With the development of information technology and intelligence technology, the informatization and intelligentizing of traffic management is the trend. License Plate Recognition system (LPR) is the core of Intelligent Traffic System (ITS). It is very important in modern traffic management systems. In recent years, the study on the critical techniques for LPR has already become an important research field of scientific circles. In this paper we discuss the three parts of License Plate Recognition Systems: image pre-process, license plate location and character segmentation, and make a deep research on some important and key technology.

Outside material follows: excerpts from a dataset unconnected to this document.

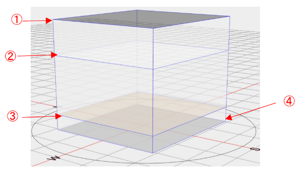 | ① | 階高上 | 灰色で表現します。部位の天井にチェックが入っている時に表示されます。 |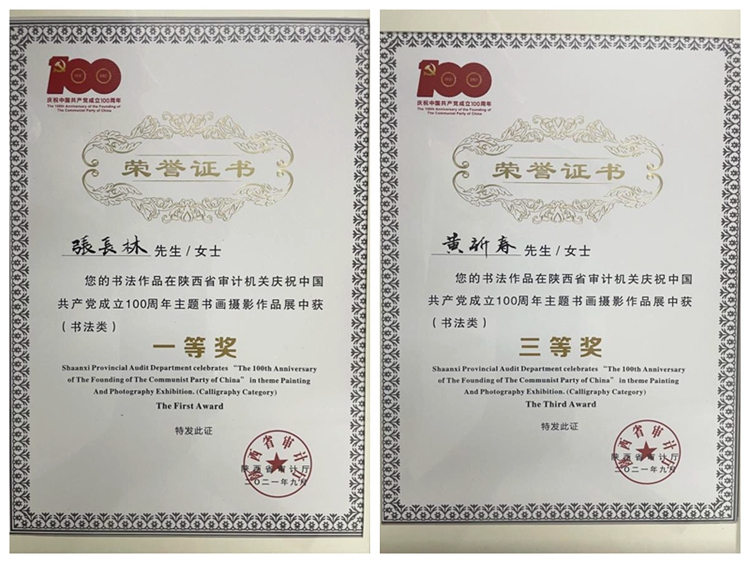 為慶祝中國共產(chǎn)黨成立100周年,陜西省審計廳舉辦了以“奮斗百年路,啟航新征程”為主題的書畫攝影展,我校參展的書畫作品在400多幅作品中喜獲佳績。其中,藝術(shù)學(xué)院張長林老師的書法作品榮獲一等獎,黃新春書法作品榮獲三等獎,審計處榮獲優(yōu)秀組織獎。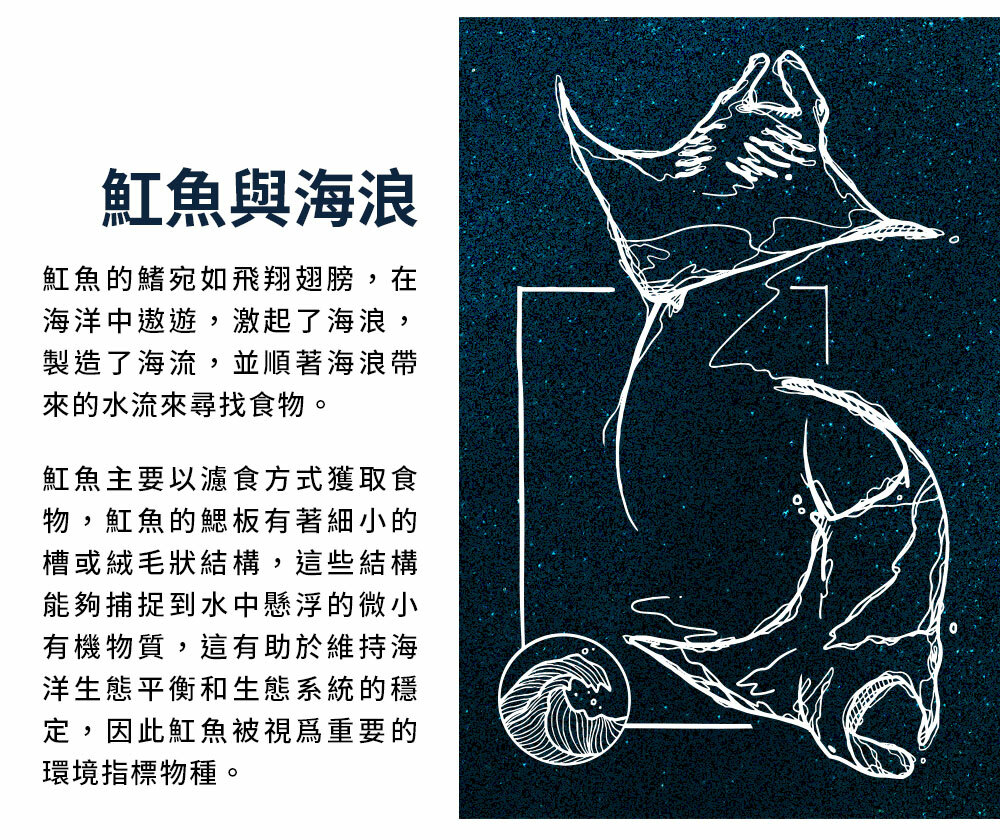 魟魚與海浪-魟魚的鰭宛如飛翔翅膀,在海洋中遨遊,激起了海浪,製造了海流,並順著海浪帶來的水流來尋找食物。魟魚主要以濾食方式獲取食物,魟魚的鰓板有著細小的槽或絨毛狀結構,這些結構能夠捕捉到水中懸浮的微小有機物質,這有助於維持海洋生態平衡和生態系統的穩定,因此魟魚被視爲重要的環境指標物種。

     A hybrid license plate location scheme is presented in this paper, which is mainly implemented as following several stages. At first, in the license plate roughly location stage, according to the continuity of transverse integral projection of the license plate region, and according to the number of white change points taking up a majority of the license plate, we use a rectangle to traverse the whole marginal-binary-image of the plate rage. After extracting the approximate license plate, judgment of the base color of the license plate is done, because the information of color is conserved when we do pre-treatment of the images. Second stage is accurately extracting the license plate. We use a method including horizontal and vertical operators to locate the license plate region; the pixel-rate is utilized to verify the real license plates which are the pixel of the plate color compare to the pixel of the candidate license plate color. In the last section, the slant correction of license plate is necessary to use the method combined with Hough transform and projection, so that the correspond plate region is present. Then we excise the border of the characters and segment them.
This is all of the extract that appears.